PROBLEM DETAILS: From the records that follow, return exactly the lines beginning at the one that contains "В Ростове открыли" and ending at the one that contains "- # 39970 - I", pictures left out.

DATA IN THIS EXERCISE:
----

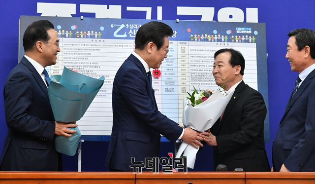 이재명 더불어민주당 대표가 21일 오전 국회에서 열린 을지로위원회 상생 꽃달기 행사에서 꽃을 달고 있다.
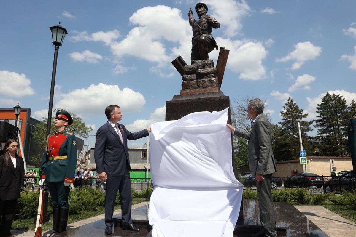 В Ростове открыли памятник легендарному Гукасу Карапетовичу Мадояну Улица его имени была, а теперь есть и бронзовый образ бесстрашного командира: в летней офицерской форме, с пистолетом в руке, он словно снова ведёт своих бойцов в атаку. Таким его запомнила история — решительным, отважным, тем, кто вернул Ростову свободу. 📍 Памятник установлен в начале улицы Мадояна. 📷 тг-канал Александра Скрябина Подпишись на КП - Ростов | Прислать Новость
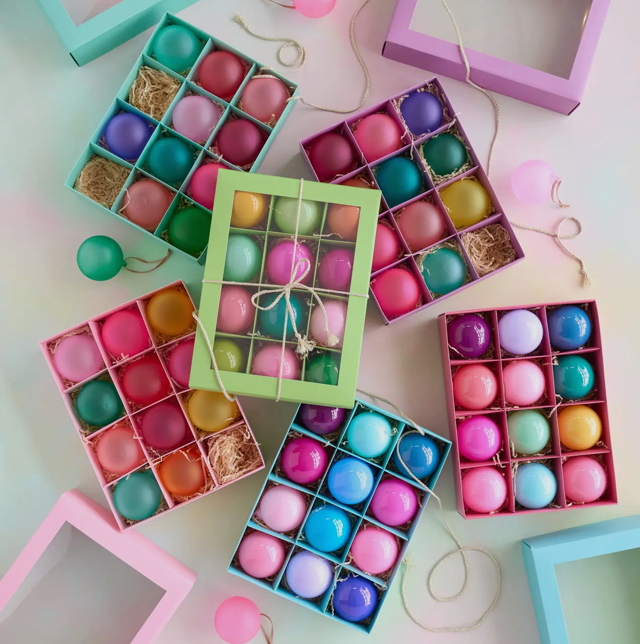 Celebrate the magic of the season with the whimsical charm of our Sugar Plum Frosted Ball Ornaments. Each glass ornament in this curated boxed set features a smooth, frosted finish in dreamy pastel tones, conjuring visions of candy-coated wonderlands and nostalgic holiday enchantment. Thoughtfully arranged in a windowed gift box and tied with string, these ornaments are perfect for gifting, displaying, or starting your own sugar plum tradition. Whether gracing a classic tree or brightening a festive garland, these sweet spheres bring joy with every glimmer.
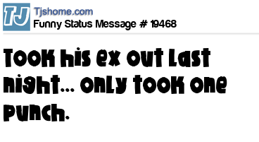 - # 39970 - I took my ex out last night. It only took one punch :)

----

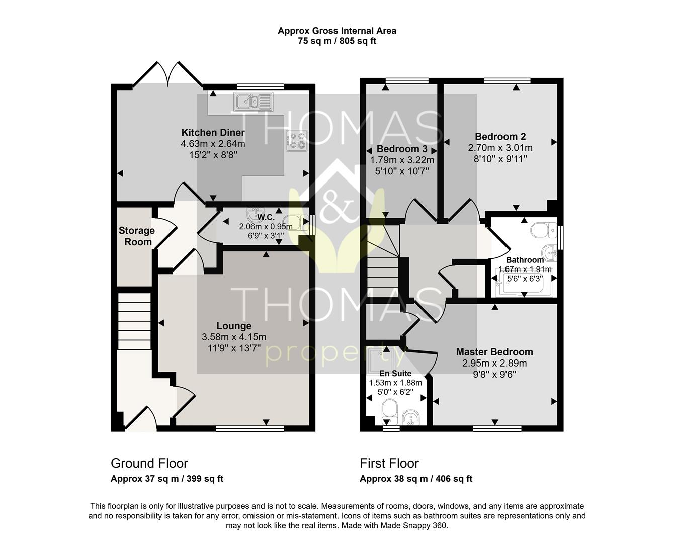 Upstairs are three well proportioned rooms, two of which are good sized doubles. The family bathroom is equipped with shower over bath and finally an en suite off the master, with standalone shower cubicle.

----

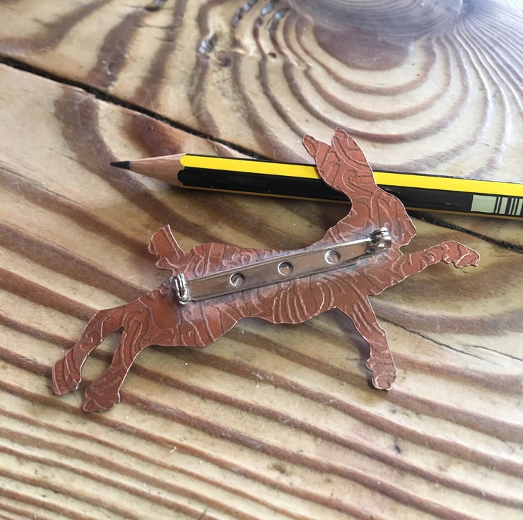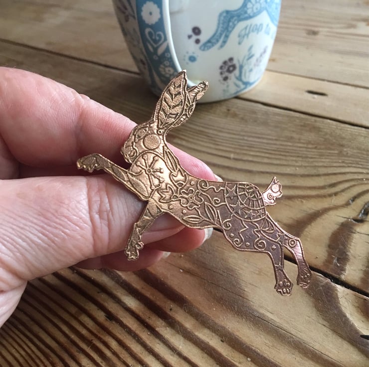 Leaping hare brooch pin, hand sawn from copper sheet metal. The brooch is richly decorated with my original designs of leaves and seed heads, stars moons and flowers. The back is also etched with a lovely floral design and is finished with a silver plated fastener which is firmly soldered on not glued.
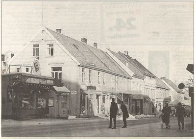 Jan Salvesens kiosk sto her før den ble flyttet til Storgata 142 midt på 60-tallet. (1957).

----

SOLUTION TO THIS TASK:
 В Ростове открыли памятник легендарному Гукасу Карапетовичу Мадояну Улица его имени была, а теперь есть и бронзовый образ бесстрашного командира: в летней офицерской форме, с пистолетом в руке, он словно снова ведёт своих бойцов в атаку. Таким его запомнила история — решительным, отважным, тем, кто вернул Ростову свободу. 📍 Памятник установлен в начале улицы Мадояна. 📷 тг-канал Александра Скрябина Подпишись на КП - Ростов | Прислать Новость
 Celebrate the magic of the season with the whimsical charm of our Sugar Plum Frosted Ball Ornaments. Each glass ornament in this curated boxed set features a smooth, frosted finish in dreamy pastel tones, conjuring visions of candy-coated wonderlands and nostalgic holiday enchantment. Thoughtfully arranged in a windowed gift box and tied with string, these ornaments are perfect for gifting, displaying, or starting your own sugar plum tradition. Whether gracing a classic tree or brightening a festive garland, these sweet spheres bring joy with every glimmer.
 - # 39970 - I took my ex out last night. It only took one punch :)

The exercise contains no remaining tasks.